Currently, most countries’ football federations and the global body, FIFA, preside over a system that separates males and females at a certain age. England’s Premier League, for instance, mandates that men and women can only play officially in non-gender specific teams before the age of 18 (changed from 16 in 2016 in a possible nod to those favouring mixed gender football).
FIFA, meanwhile ensures that national football competitions are gender-specific. In 2004, the governing body blocked a move by second-division Mexican club Celaya to sign top female player Mirabel Dominguez for the men’s team. Despite more attention given to female football, FIFA still legislates to ensure men and women cannot play on the same team at professional clubs or at national level. Football Federation Australia follows FIFA’s lead.
So, what’s the problem?
Beyond the usual stick-in-the-mud bleatings about men and women sharing locker rooms or of women breaking into the sweaty male sports domain that many men still consider to be their right to monopolise – and aside from some cultural sensitivities, such as putting Muslim women and men on the same team – the debate comes down to claims of a) women’s lower technical standards and b) physiology.
It is without doubt that boys are encouraged more into sport at an early age and that, largely due to the professional potential to which they can aspire, facilities and training for boys in most sports is superior to that offered to girls. And gender separation in the late teens is just the point that technical skills really come into focus.
Physical strength? Men may, generally, be physically stronger, but football is not a game of strength. It is often more about balance. Many of the world’s best players – let’s say Messi or Ronaldo – are not great because they are strong, but because they can, superhumanly, “keep their feet” at speed.
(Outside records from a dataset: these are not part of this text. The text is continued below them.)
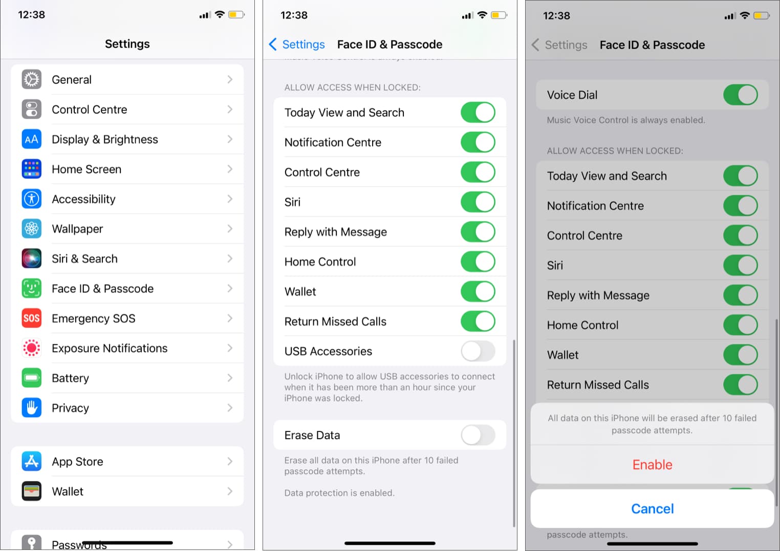Εάν κάποιος προσπαθεί να εισέλθει στο iPhone σας, αλλά εισάγει τον λάθος κωδικό 10 φορές διαδοχικά, το τηλέφωνο θα αυτόματη erase όλα τα δεδομένα. Μην ανησυχείτε. Ο εισβολέας δεν θα εξακολουθεί να μην έχει πρόσβαση στη συσκευή σας, καθώς η κλειδαριά ενεργοποίησης θα είναι ακόμα ενεργή (εάν το εύρεση είναι ενεργό).
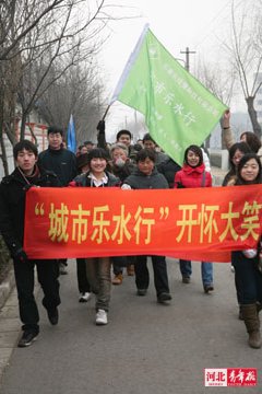 專程從北京趕來參加此次“城市樂水行”活動的張峻峰介紹說,目前全國已經有十多個城市開展了這一新潮的健身活動。今年3月份,他們還將計劃由京津冀的志愿者共同結伴,沿著三地的南水北調徒步行走,在考察水環境的同時,健身、健心、健智,達到人與自然和諧。
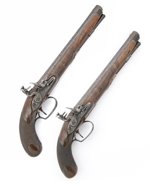 A PAIR OF 30-BORE FLINTLOCK DUELLING PISTOLS,
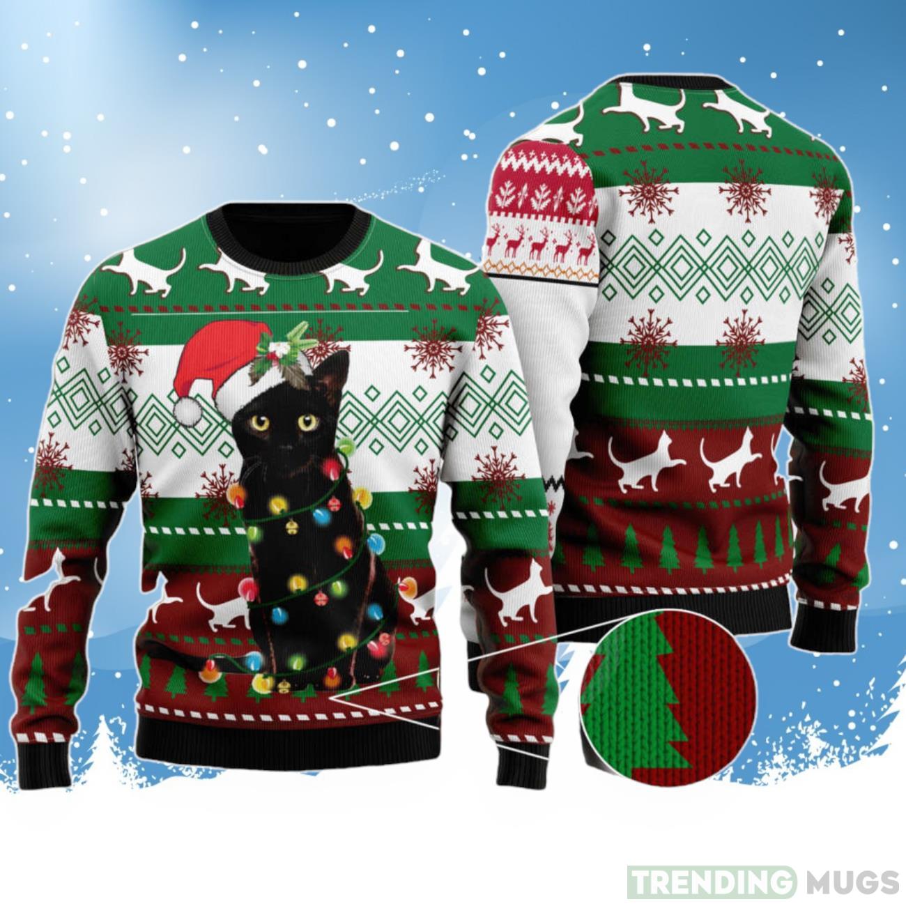 The intricate details of the black cat and vibrant Christmas lights create a captivating design that is sure to turn heads at any holiday gathering. Made from high-quality materials, this sweater is not only a fashion statement but also a durable companion for many Christmases to come.
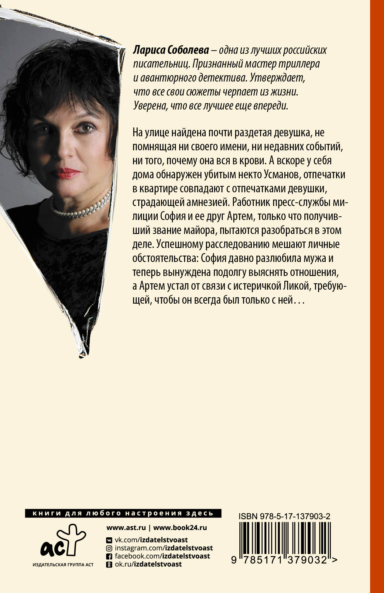 На улице найдена почти раздетая девушка, не помнящая ни своего имени, ни недавних событий, ни того, почему она вся в крови. А вскоре у себя дома обнаружен убитым некто Усманов, отпечатки в квартире совпадают с отпечатками девушки, страдающей амнезией. Работник пресс-службы милиции София и ее друг Артем, только что получивший звание майора, пытаются разобраться в этом деле. Успешному расследованию мешают личные обстоятельства: София давно разлюбила мужа и теперь вынуждена подолгу выяснять отношения, а Артем устал от связи с истеричкой Ликой, требующей, чтобы он всегда был только с ней...
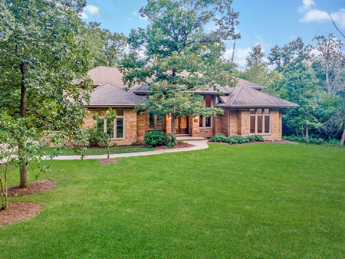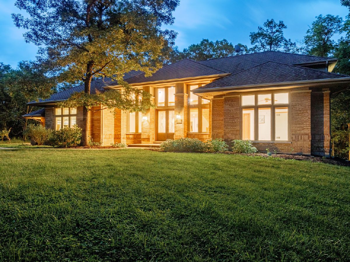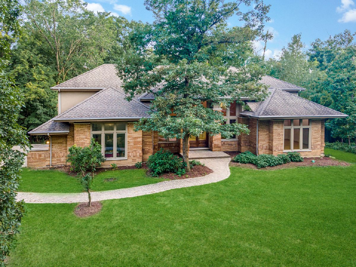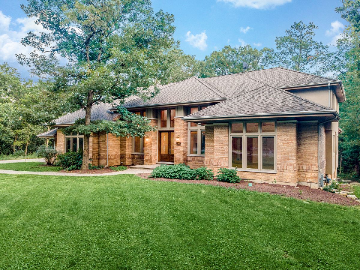 Towering, majestic trees create a setting of unbridled beauty and privacy for this Frank Lloyd Wright inspired CUSTOM masterpiece on approximately 2.5 acres. Impressive curb appeal with classic architectural design highlighted by brick construction. Open floor plan filled with natural light lends itself to effortless entertaining on a grand or casual scale. Inviting foyer with grand, curved staircase. Regal FIRST FLOOR MASTER SUITE with enormous walk in closet and private glamour bath room. Gourmet kitchen with custom cabinetry, granite counter tops and high end stainless steel appliances. Awe inspiring great room with fireplace and wall of windows overlooking grounds. Spacious bedrooms with ample closet space. Gleaming hardwood flooring throughout. Second floor bonus room set up to be 2 additional bedrooms. Enormous WALK OUT lower level offers perfect space for additional bedrooms, storage, recreation, gaming, and so much more! Breathtaking grounds with extremely private backyard with patio. Secluded location with limited traffic. Approximately 35 minutes from Midway Airport. Close to shopping, dining, Metra, thousands of acres of forest preserves and world renowned golf courses. Impeccably maintained property. ESTATE SALE
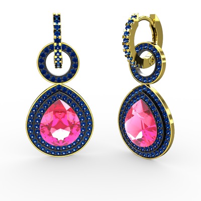 Pembe kuvars ve lab safir 18 ayar altın küpe
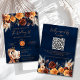 Invitation de mariage moderne et époustouflante avec code QR représentant un couple romantique avec des éléments floraux boho d'herbe de la pampa dans des tons terre cuite, rouille, orange brûlé et cottage d'automne sur un fond bleu marine. Ajoutez l'URL de votre site web de mariage et le code QR sera mis à jour. Cliquez sur personnaliser pour modifier davantage. Une invitation pratique tout-en-un sans avoir besoin d'ajouter des enclos séparés.
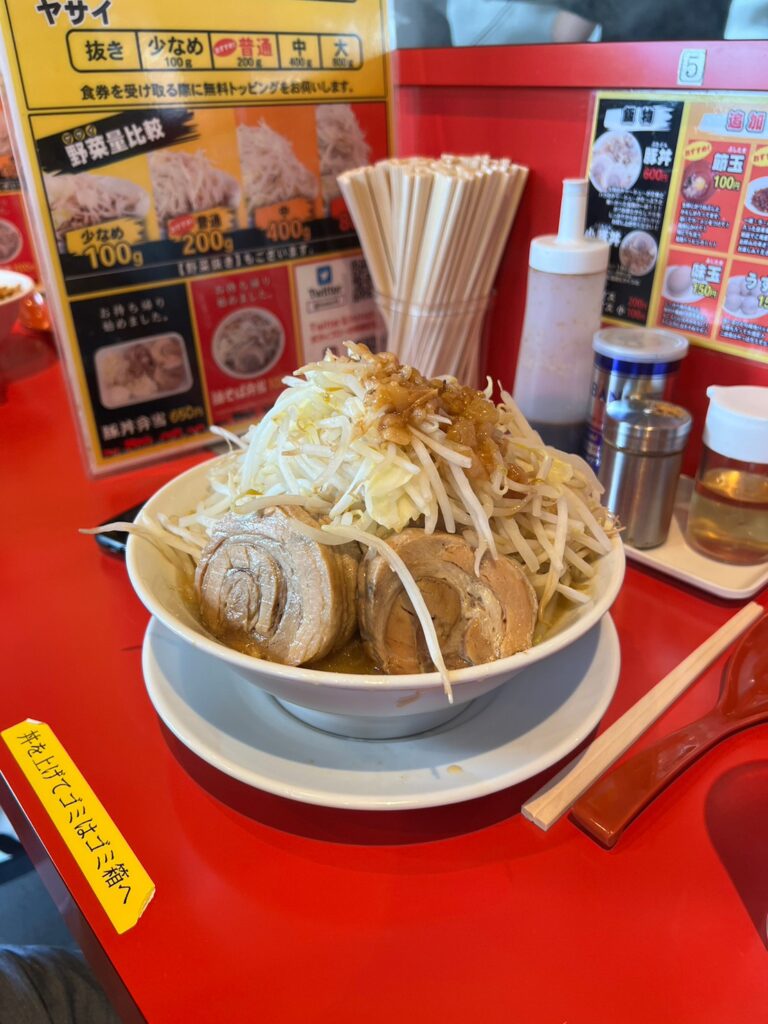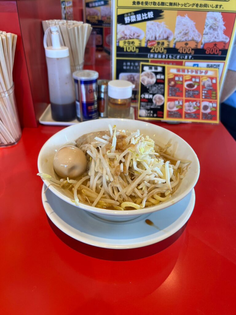 無料トッピング・・・にんにく(普通) + アブラ(普通) + ヤサイ(中400g)
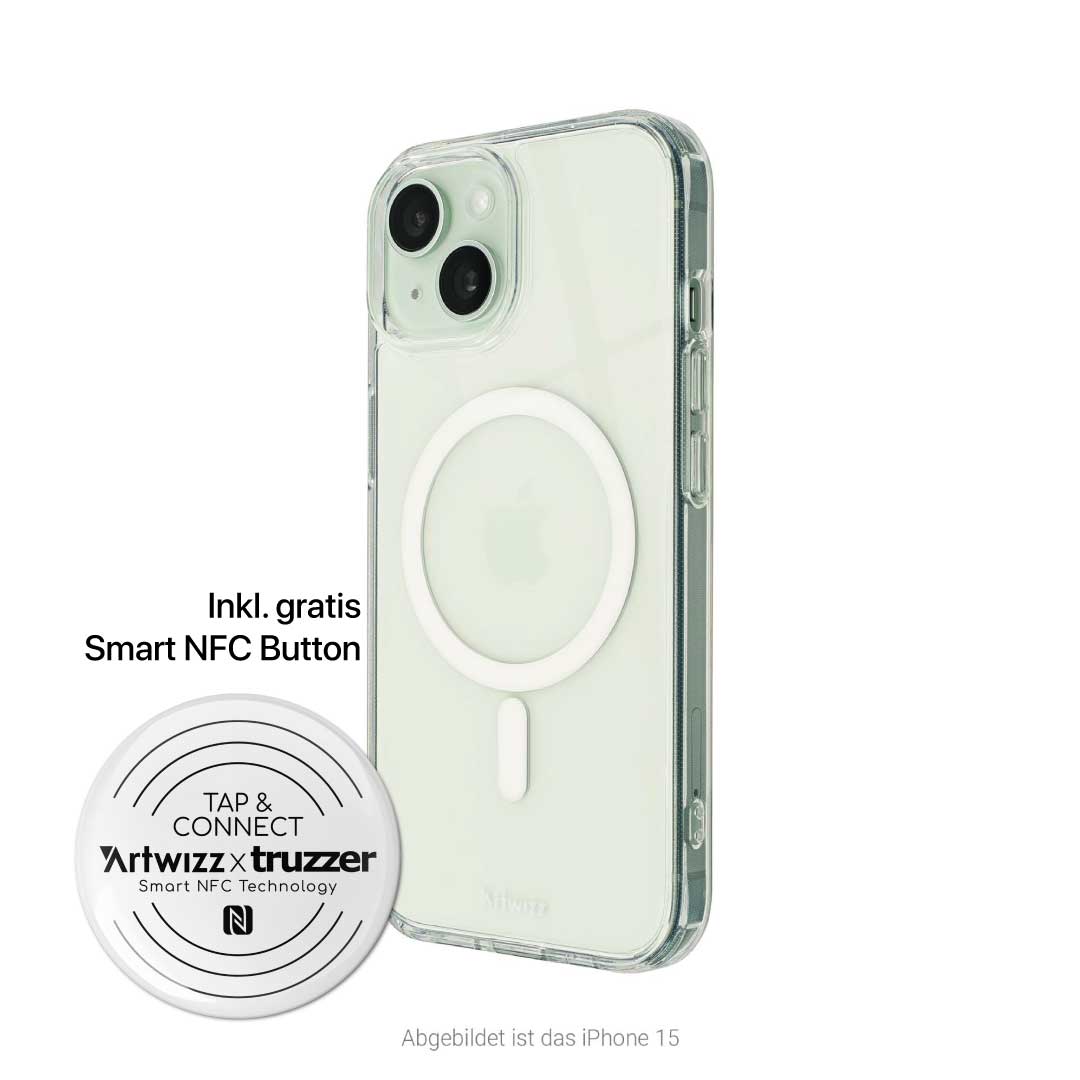 iPhone 16 Handyhülle „ClearClip + CHARGE“ inkl. Smart NFC Button

Watching high-level women’s football, I enjoy the lack of overt physicality, and in particular the rejection of ref badgering and diving. In some ways, it’s a cleaner, more flowing and purer game to watch.
Why not test the concept of mixed-gender teams? How about a season opener, such as the NRL’s Indigenous All-Stars format, for next season’s A-League kick-off? A format of a mixed-gender squad of seven men and seven women, with unlimited interchange, might work, perhaps on a Locals v International All Stars or North (Hemisphere) v South.
Perhaps we can begin righting the World Game, which today remains skewed against half its population.
JJ Rose is a writer, sport-for-development charity founder, and former youth trialist with English clubs Aston Villa, Coventry City and Wolverhampton Wanderer.